Shuffling outside, Noelle slipped into the passenger’s seat and stared out the window. She’d knelt at Dave’s grave several times, but words always refused to come. Why would they? It wasn’t like Dave listened. What purpose was there in visiting a grave and whispering to someone who couldn’t hear? Still, she kept trying. Hoping.

“What a beautiful day to remember our husbands,” Gran said as they drove to the cemetery. “I married your grandfather before Vietnam started. A private first class in the army. He was so proud of his enlistment, wanted to serve the country he loved.” Gran smiled wanly. “We had two children by the time the conflict bubbled over. Vietnam brought nothing but ugliness. And the day they told me he’d died, I did too.”

Noelle turned toward Gran without making a sound.

“Dave joined for the same reason, didn’t he?” Gran asked.

“Yeah.”

“Except the business in the Middle East was already full-blown.” Gran raised a brow. “Not much of a question he’d end up there.”

Noelle looked at Gran. “None.”

Gran nodded. “They both protected us and this nation. Same as all the others.

“My father spent his time in France after being drafted during World War II.” Gran tightened her grip on the steering wheel.
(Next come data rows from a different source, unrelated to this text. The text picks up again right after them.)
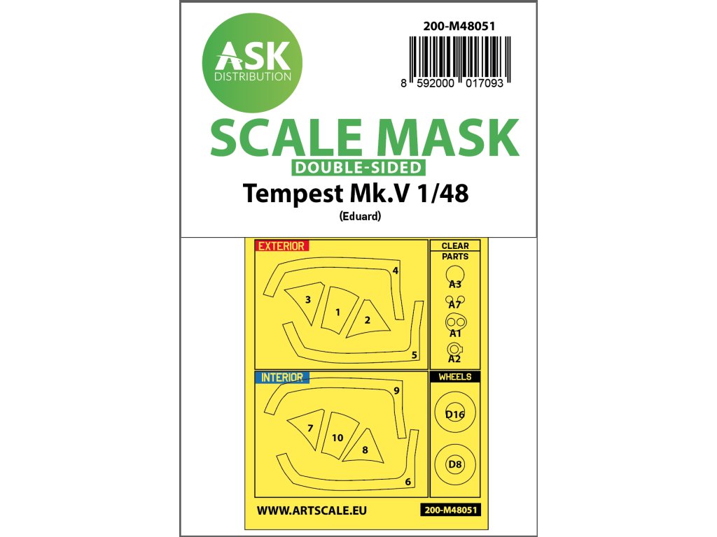 Art Scale Kit Distribution (ASK) stellt vorgestanzte und nummerierte Abdeckbögen für Plastikmodelle her. Die Masken sind in erster Linie für das Abkleben von Kabinen und Rädern gedacht, erleichtern aber auch das Abkleben anderer Teile des Modells. Jedes Kit wird für einen bestimmten Modellbausatz im entsprechenden Maßstab empfohlen, um maximale Genauigkeit und Benutzerfreundlichkeit zu gewährleisten.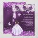 För en elegant Quinceañera. Ojämnt fördelad lila färgad. Dekorerad med konetti, balerina tå, fjärilar, ro och en flicka i en klänning. Anpassa och lägg till information om namn, ålder/text och party. Namn är skrivet med ett handskript i stil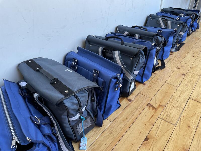 生徒たちがテストを受けている間、廊下を通ると、カバンが整然と並べられている姿が見られました。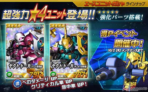 エースユニットガシャに「★4 ヤクト・ドーガ(クェス専用機)」、「★4 ヤクト・ドーガ(ギュネイ専用機)」などが登場するので、ぜひチェックしてみよう。

“Why do people do this?” Noelle asked as she glared Gran. “Join the military to die?”

“They never join to die. They join to serve and protect.”

“I’m not sure that’s what’s going on now.”

“Maybe not, but that doesn’t change their sacrifice.”

Noelle took a deep breath as they pulled up to the cemetery. Clasping her hands together, she begged her heart to quiet and the pins to stop pricking her lungs. Neither did.

As she stepped out of the car, she turned to help Gran, who shoved a blanket into her arms.

“What’s this for?”

“Our picnic.”

Noelle’s eyes widened.

“It’s an old tradition my mother taught me, used to be a fairly common practice. Some cemeteries don’t allow it anymore.”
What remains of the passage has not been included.